Я не встретила среди них ни одной интересной личности. Не было у них и своей воровской солидарности и хоть зверских, но каких-то устоев. После смерти Сталина нас стали с ними соединять – поставили на одну доску, наконец. К нам хлынули целые орды этих особ. Почти у всех волосы были обесцвечены перекисью водорода – такая была у них мода. Тогда приходилось внимательно присматривать за вещами – они способны были украсть последние казённые трусы. Зато с удовольствием вспоминаю их пение под гитару. Татарка Люба Исакова, о которой говорили, что она зарубила топором надзирателя, учила меня играть на гитаре, но я не проявила способностей. Они варили «чифир» – откуда-то добывая чай, который в лагере не продавали и не пропускали в посылках, но они доставали – и постоянно находились под его наркотическим воздействием.

Как-то очень холодным зимним днём я шла по зоне и увидела одну из них. Ей было плохо, наверное, от «чифира», почему-то она была без рукавиц и без платка. Я одела её и проводила до барака. Потом она пришла ко мне, чтобы вернуть вещи. Меня отругали обитатели нашего барака, не желавшие, чтобы к нам приходили блатные. Через какое-то время пришлось мне работать вместе с ней в паре на кирпичном заводе. В конце дня она пожаловалась бригадирше, что я работала плохо. Наверное, она даже не помнила, как я её обхаживала.

Ещё в этапе мы впервые встретились с «религиозницами». В продолжение всего срока эти женщины меня очень интересовали. Знакомство с ними, а через них с Евангелием имело большое значение в моей жизни.

В теплушке, где-то между Куйбышевым и Челябинском, ночью меня разбудило пение. Пели хором:

                

                                                          Христос воскресе из мёртвых,

                                                          Смертию смерть поправ

                                                          И сущим во гробех живот даровав.

 

Оказывается, была Пасха. Вагон качало, пение было нестройное, визгливое, на остановках конвой стучал колотушкой в стену, а они всё пели.

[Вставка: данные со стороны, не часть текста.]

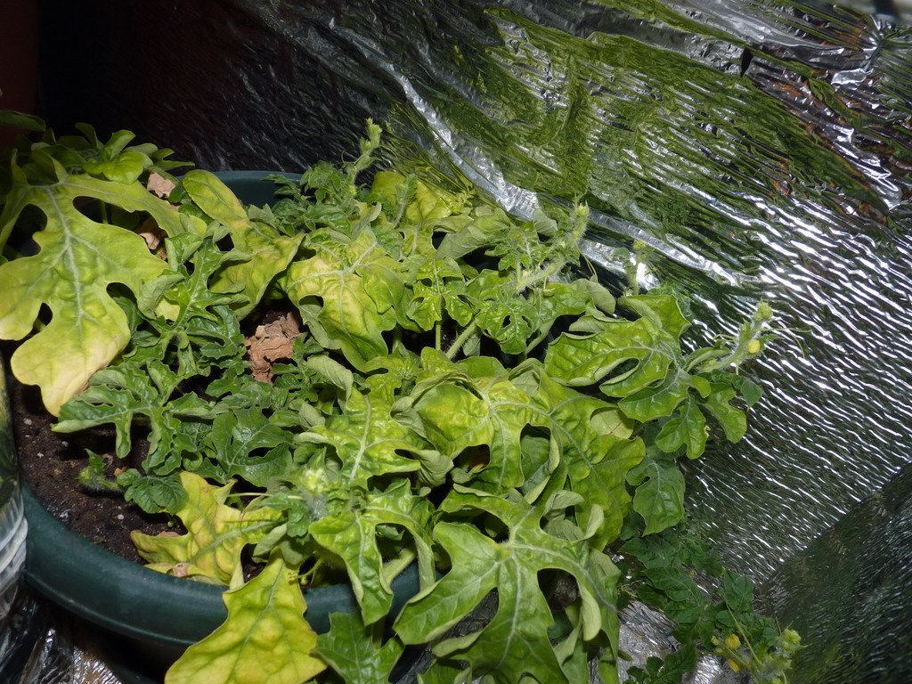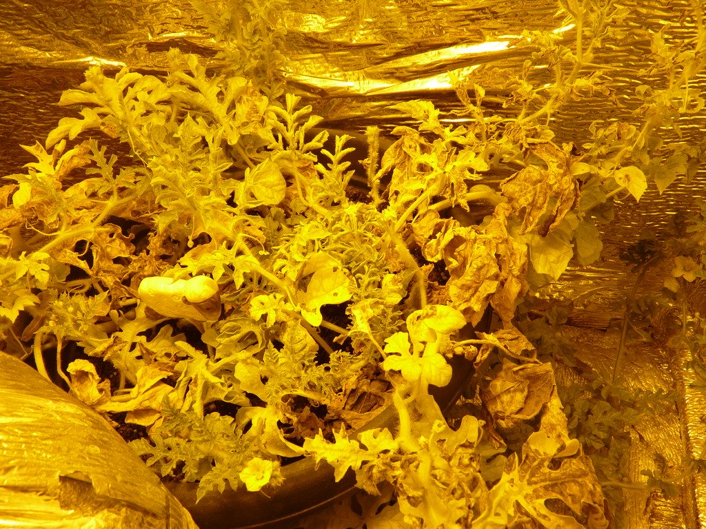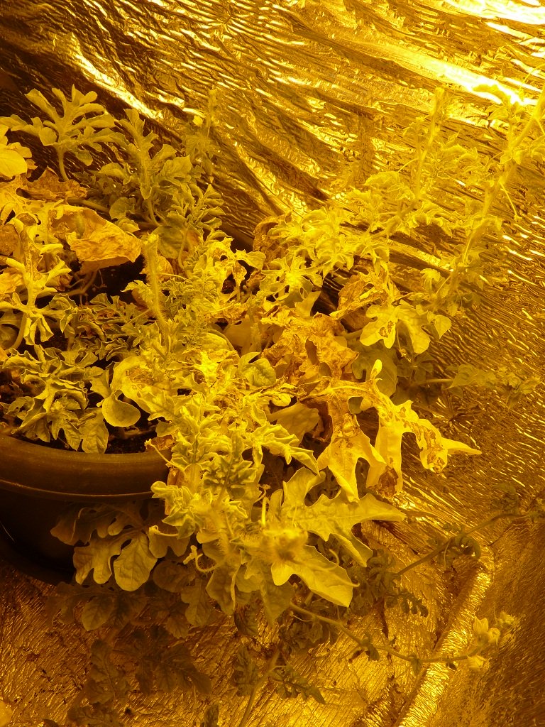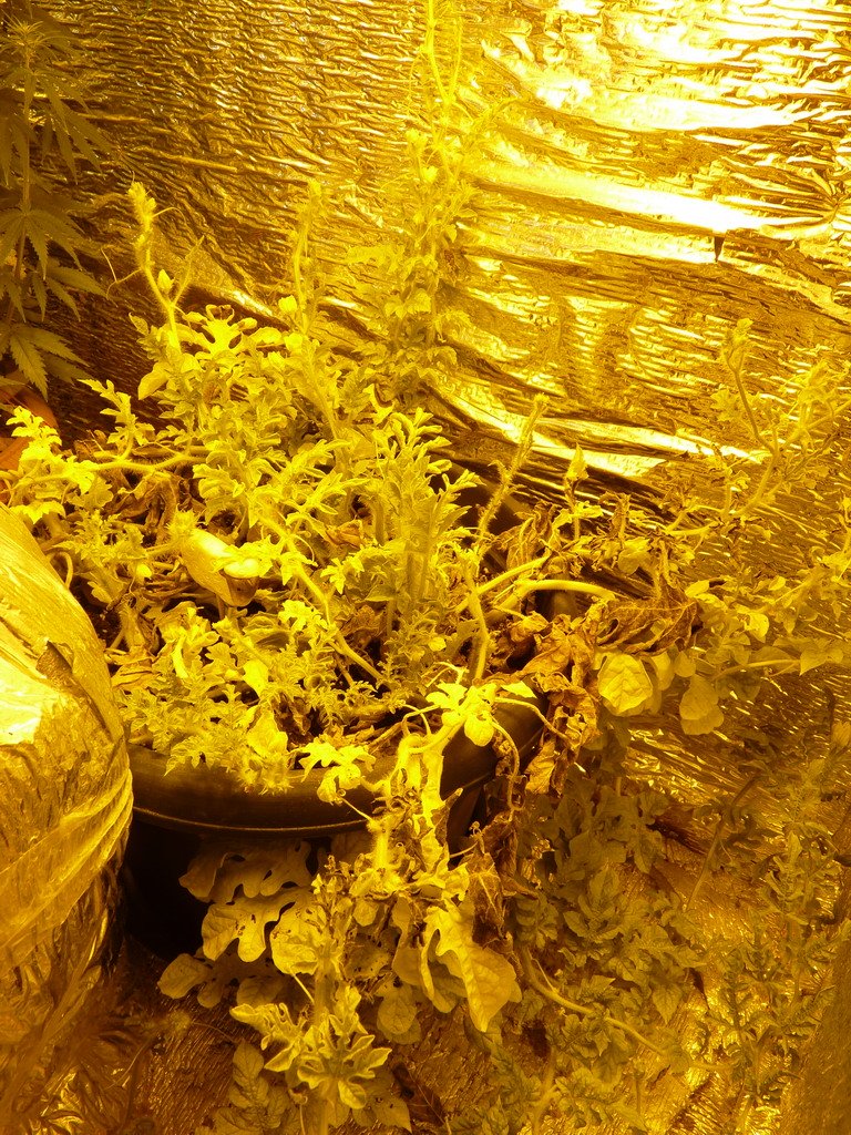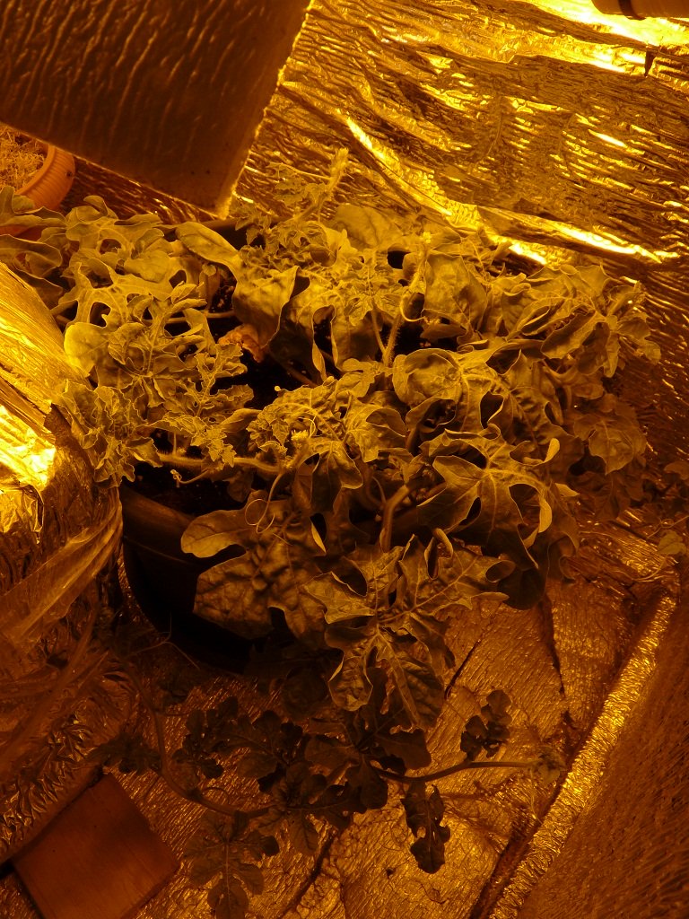 Xo66uT Опубликовано 6 января, 2012 Автор Жалоба Поделиться Опубликовано 6 января, 2012 Всех с наступившим Новым Годом и наступающим Рождеством!!! И так в наших рядах пока временные потери, салат был опрокинут с высоты 1 м на пол, смёлся и был выкинут на помойку((( Другие подопечные очень даже молодцы, растут, тянутся. Клубника ооочень медленно растет. Редис бодренький. Общий вид маленькой грядки под ЭСЛ 105 Вт 6500К + 2х55 Вт 2700К Арбузы, не знаю пока сколько останется, думаю оставить 1-2 бахчи. Томаты, очень приятно поднимаются, мммм, скоро помидорчики поем)))) Думаю устроить им немного LST лишь бы стафа хватила до харвеста моей грядки))))) 1 Цитата Ссылка на комментарий Поделиться на другие сайты Поделиться
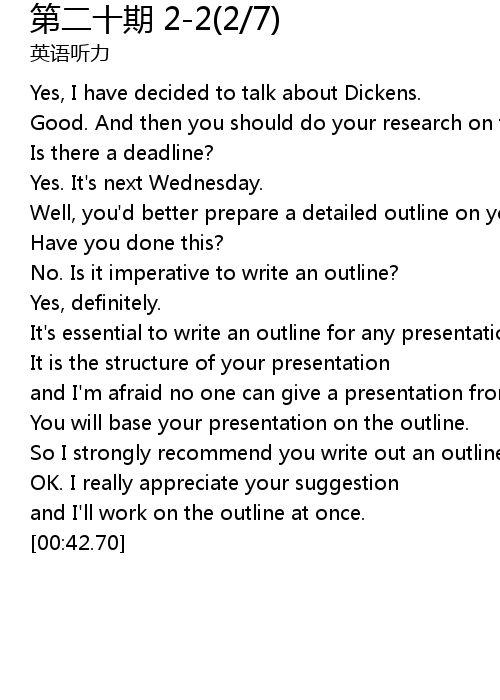 | [00:19.70] | It's essential to write an outline for any presentation. |
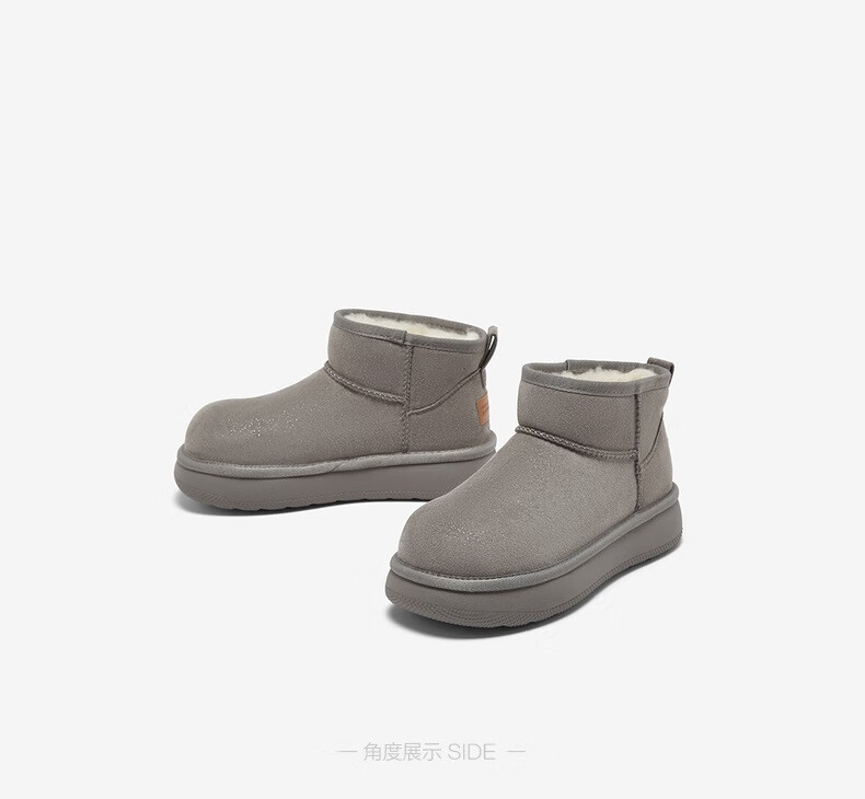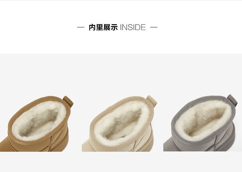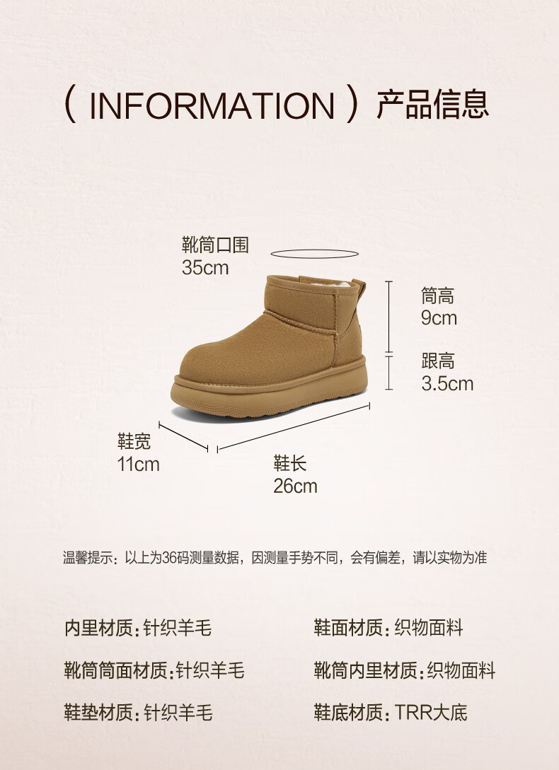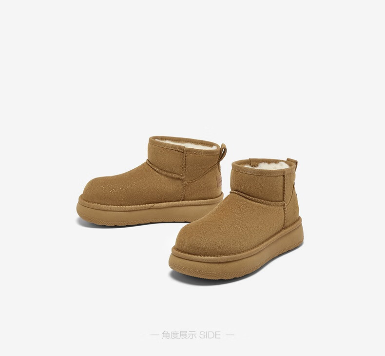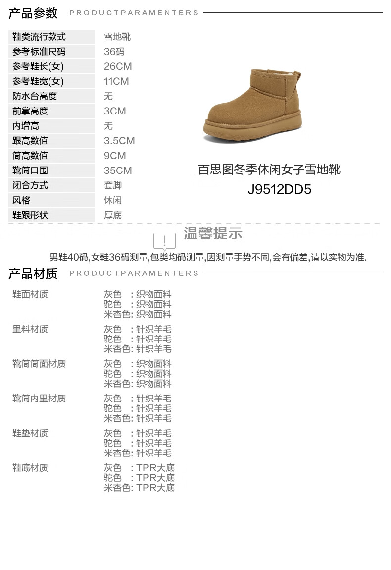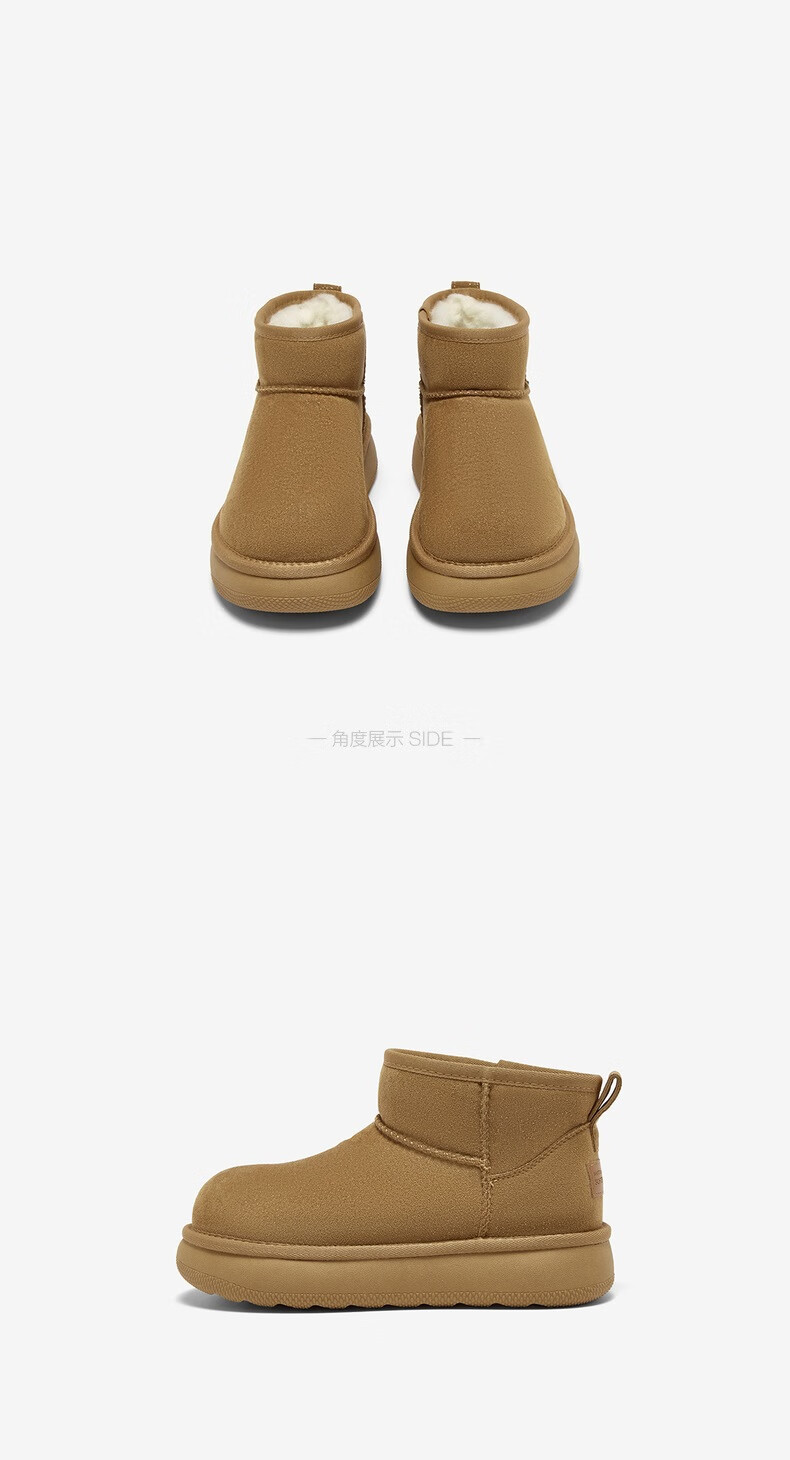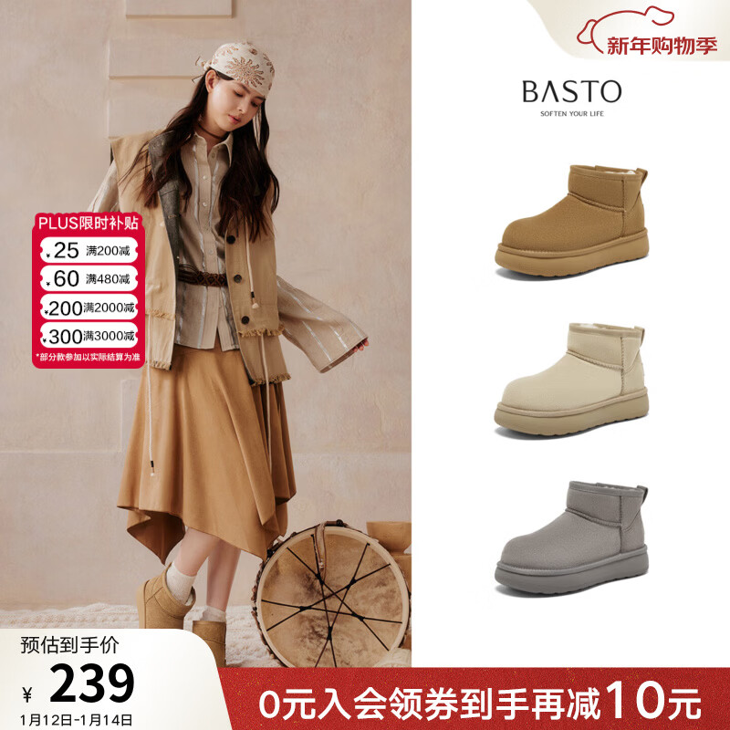 百思图2025冬季新款雪地靴时尚简约户外休闲女短靴J9512DD5 米杏色 37
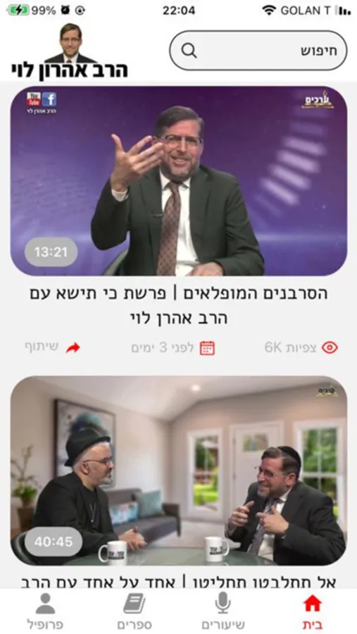 אפליקציה של הרב אהרון לוי, באפליקציה תוכלו לצפות בשיעורים של הרב, לראות מתי הרב מעביר שיעורים ועוד!
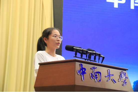 本科生新生代表、经济管理类2110班吴昭如的发言展现了中南新成员的风采。恳切的言辞流露出她对大学生活的憧憬,表达了新生们心怀家国、把个人的理想追求融入到党和国家的事业之中、让青春在奉献中焕发光彩的志向。
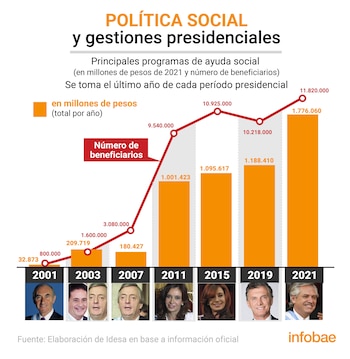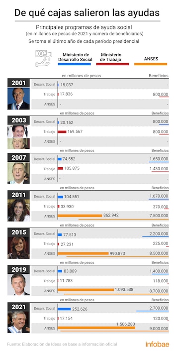 El relevamiento permite observar, en moneda constante (los montos están actualizados a millones de pesos de 2021) la evolución de los principales programas, tanto en valores monetarios como en número de beneficiarios (el experto prefiere usar el concepto de “beneficios”, pues una misma persona puede recibir más de uno), qué valores anuales dejó y recibió cada gestión presidencial. Como se puede ver en las infografías se toman los datos de “ayuda” que recibió cada mandatario y los que dejó al terminar su gestión, desde las cifras de 2001, último año de la presidencia de Fernando de la Rúa; pasando por las de 2003, un año compartido por las gestiones de Eduardo Duhalde y Néstor Kirchner; para luego precisar las cifras anuales de 2007, la “herencia” que en materia de ayuda social dejó Kirchner; luego el traspaso de Cristina Fernández Kirchner a sí misma en 2011 y el que en 2015 legó a Mauricio Macri, cuyo saldo, en 2019, fue el punto de partida de Alberto Fernández, con los números que su gestión de la ayuda social exhibe actualmente.
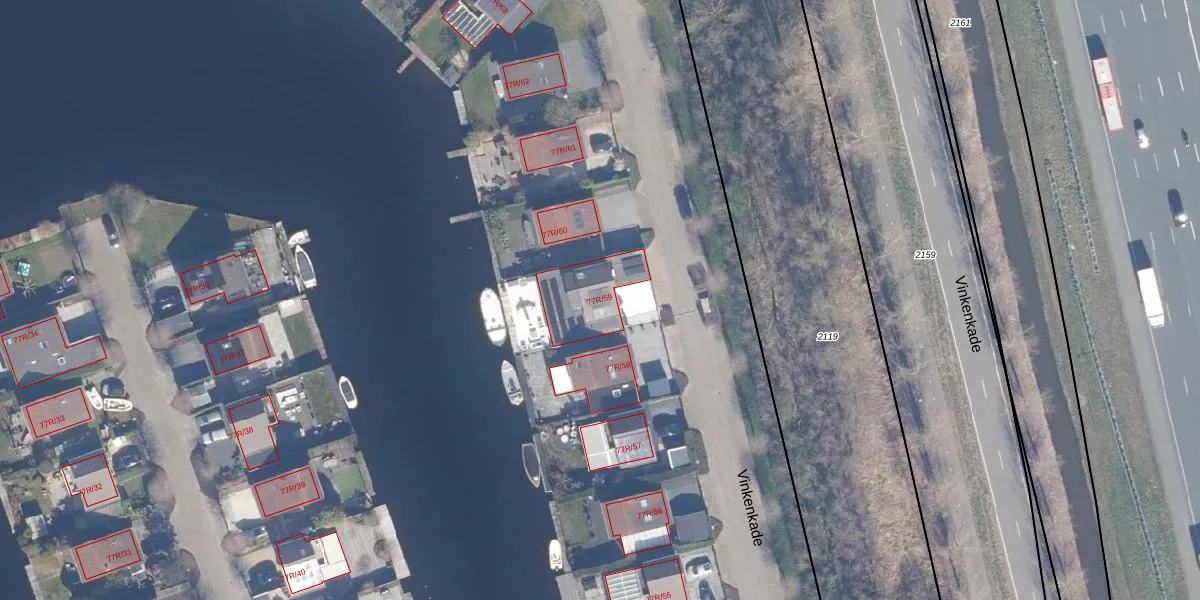 Vinkenkade 77-R-59 is gelegen op kadastraal perceel VKV00H2079. Deze kadastrale aanduiding is uniek en wordt gebruikt door het Kadaster om eigendomsrechten en andere zakelijke rechten vast te leggen. Het perceel maakt onderdeel uit van de kadastrale gemeente Vinkeveen.
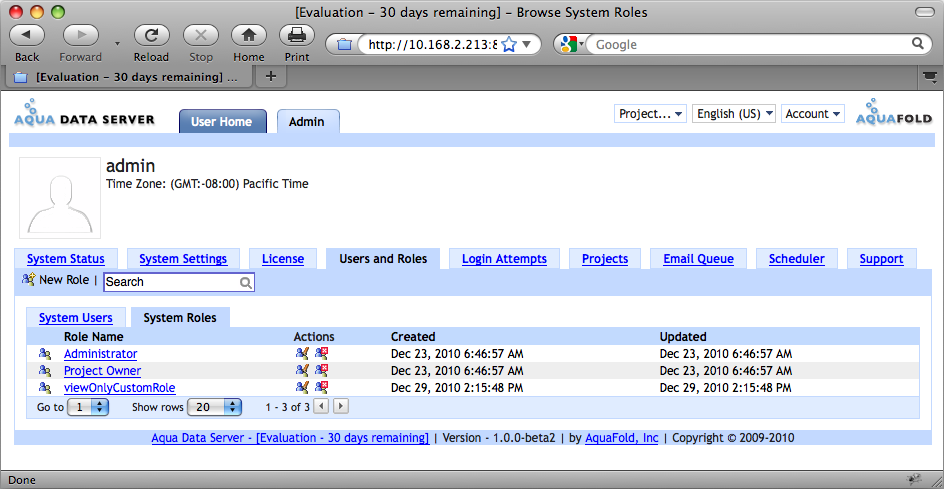 Once you install Aqua Data Server and go to the System Users & Roles tab, you will notice 2 pre-configured System Roles. These are "Administrator" and "Project Owner".

Не помню, были это украинки или так называемые «монашки» – особый элемент в лагере, где много было других, тоже осуждённых за веру. «Монашки» были православными, но не посещали церквей. В лагере они вели себя чрезвычайно мужественно и последовательно: отказывались от работы  - полностью или только по праздникам, не ходили на проверку, не носили номеров, а были и такие, что и лагерную баню считали проявлением воли антихриста. Были они вегетарианками, поэтому часто не ели даже лагерной баланды. Лица их были бледные, почти прозрачные. За отказ от работы их всячески преследовали. Они часто сидели в БУРе, бараке усиленного режима – разновидность карцера, но с режимом помягче, зато сажали туда на более длительные сроки, чем в карцер, обычно на несколько недель. Рассказывали ужасные истории, как их насильно тащили на работу, сажали полуголыми на мошку, но сломить их было нельзя. Они постоянно молились и пели. Помню такую песню:

 

                                           Я сидел за тюремной решёткой,

                                            Вспоминая о том, как Христос

                                            Крест тяжёлый покорно и кротко

                                            На Голгофу с смирением нёс.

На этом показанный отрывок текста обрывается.